Greenology: Metapopulation Theory
January 29, 2008
This info is paraphrased from Corridor Ecology by Hilty, Lidicker, & Merenlender at Island Press 2006.
Figure 1 shows four types of metapopulations and their dispersal mechanisms from occupied to empty habitats. Movement among habitats is depicted with arrows. Dashed arrows depict rare migrations.
A metapopulation is a group of populations (demes) connected by migrations of individuals across populations. A good analogy for a metapopulation is a series of towns. Towns contain their own populations and a group of towns represent a specific metapopulation, for instance the western suburbs. The towns are connected and that helps facilitate movement by individuals. As some towns grow into cities from immigration and favorable conditions, other towns decrease into villages due to emigration and unfavorable conditions.
In an example from nature, a series of mountain valleys may contain a metapopulation of lilies. Lilies may spread to new valleys through wind blown seed or flash floods. Other valleys may lose all their lilies through herbivory, disease, stochastic events, etc. If enough suitable habitat remains and colonization of new valleys continue, the combined populations (metapopulations) of lilies will be stable.
Metapopulation theory attempts to describe the movement of populations throughout suitable habitats.
The four models for metapopulation movement are in the figure above were developed by Harrison in 1991.
Š Patchy – Demic system with chunks of suitable habitat spaced relatively close together. Individuals move freely to and from the patches, replenishing any areas that suffer extinction (rescue effect). Patchy metapopulations are common and extinction resistant.
Š Core-Satellite – Also called “mainland-island” or “source-sink” because a large stable habitat supports a large stable population. Frequent migration occurs from the “mainland” to habitats nearby. Core-satellite is also extinction resistant.
Š Levins Classic – Populations disperse from one area to the next. Habitats where populations go extinct may be re-colonized or not. Changes in the metapopulation over time is represented by the formula:
dp/dt = mp(1 – p) – ep
p = occupied habitats. Full occupancy p=1. Extinct p=0
m = migration rate
mp = total amount of successful dispersals
(1 – p) = unoccupied habitats
e = extinction rate
ep = total amount of patches going extinct
Š Non-equilibrium – A small patch contains the majority of the population, because isolation or an unfavorable matrix prevents frequent migrations. Non-equilibrium populations are extremely vulnerable to extinction.

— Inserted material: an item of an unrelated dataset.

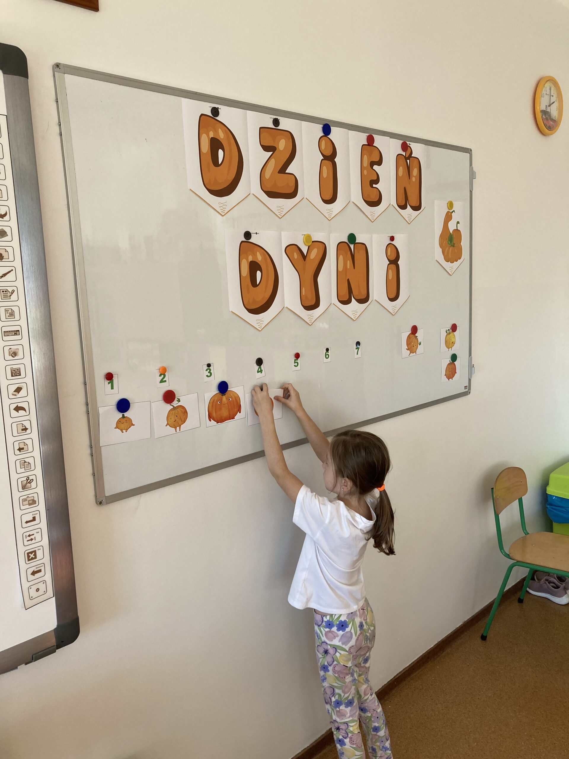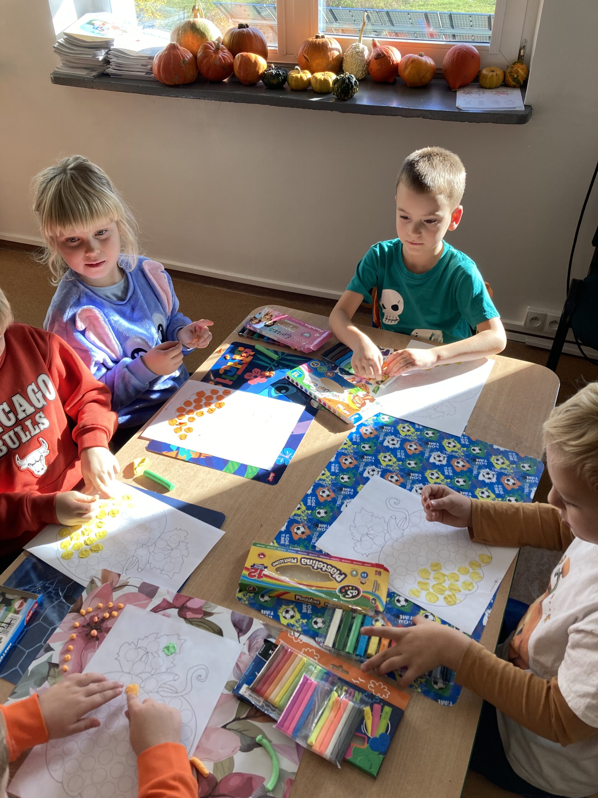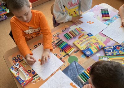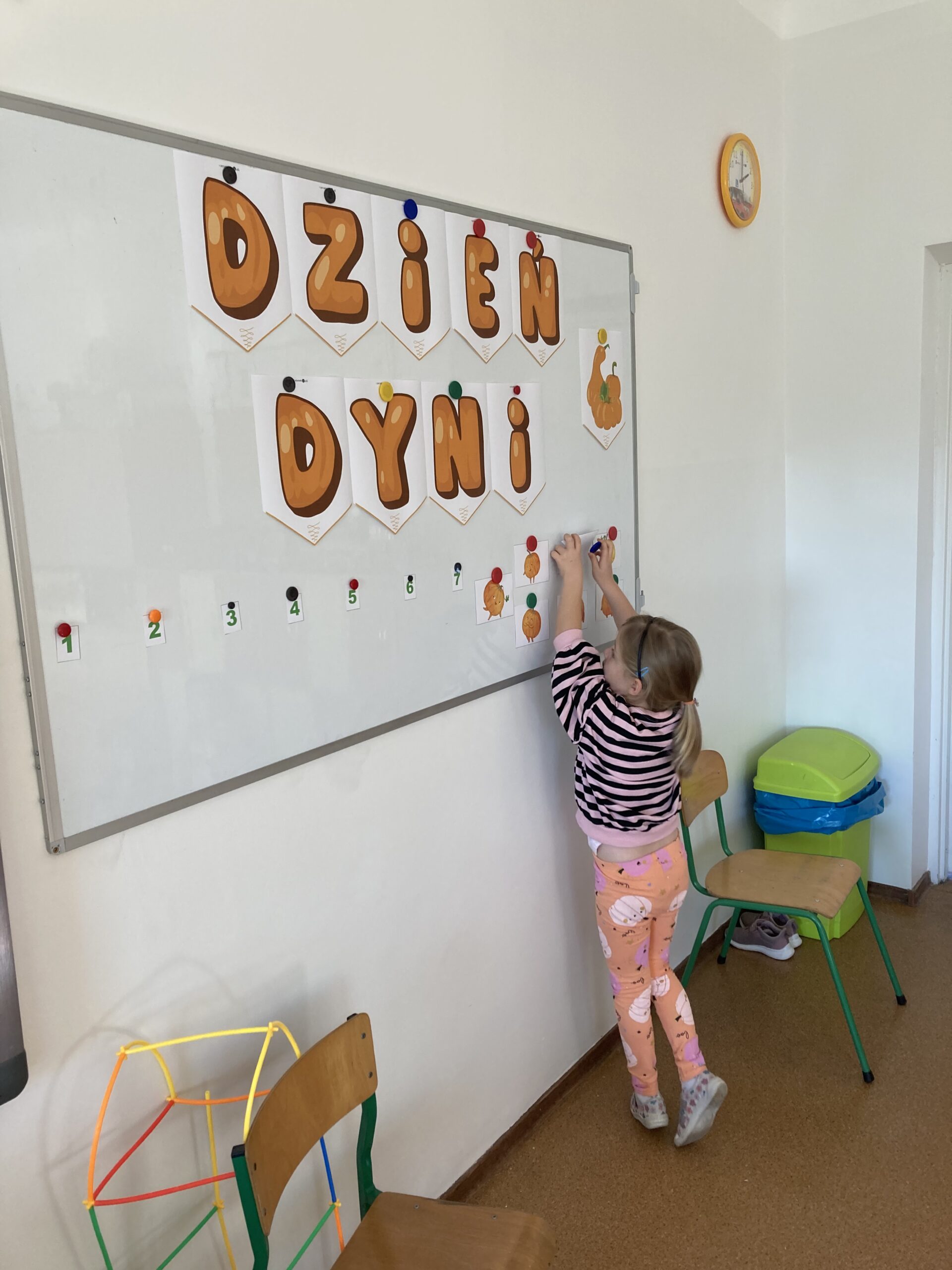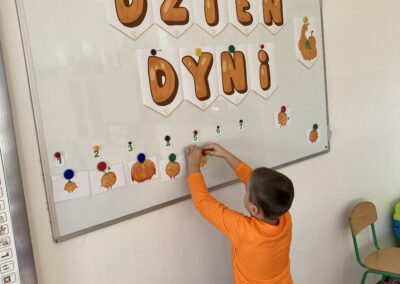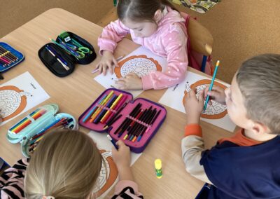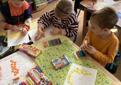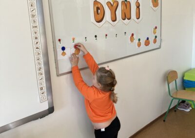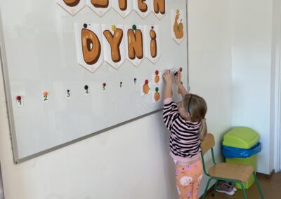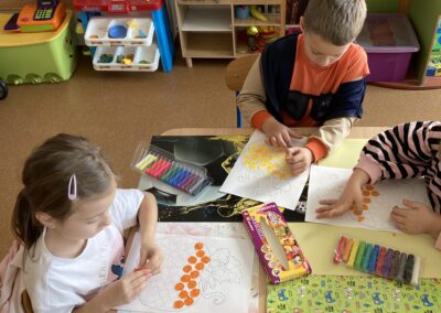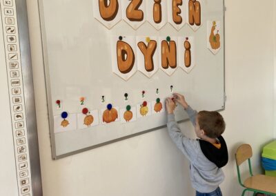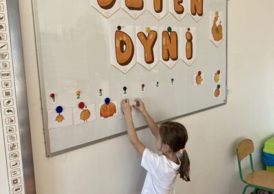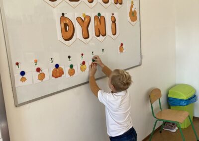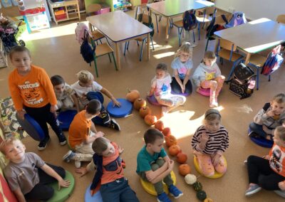 Podczas dnia przedszkolaki poznały wiele ciekawostek o dyni – dowiedziały się, skąd pochodzi, jakie ma zastosowania oraz dlaczego jest ważnym symbolem jesieni i Halloween. Z dużym zaangażowaniem tworzyły własne dyniowe labirynty, wyklejały dynie plasteliną oraz słuchały wiersza o tym niezwykłym warzywie, co dostarczyło im mnóstwo radości.

Fun Fact (at least as fun as it gets) – Rodents help in environmental science too.
Levins developed metapopulation theory in 1970 based on the work of Soviet ecologists concerned with rodent control during WWII. Like the Soviets, Levins was studying epidemiology involving parasitic insects and their rodent hosts. In Levin’s model case, p represented the hosts for the parasitic insect populations.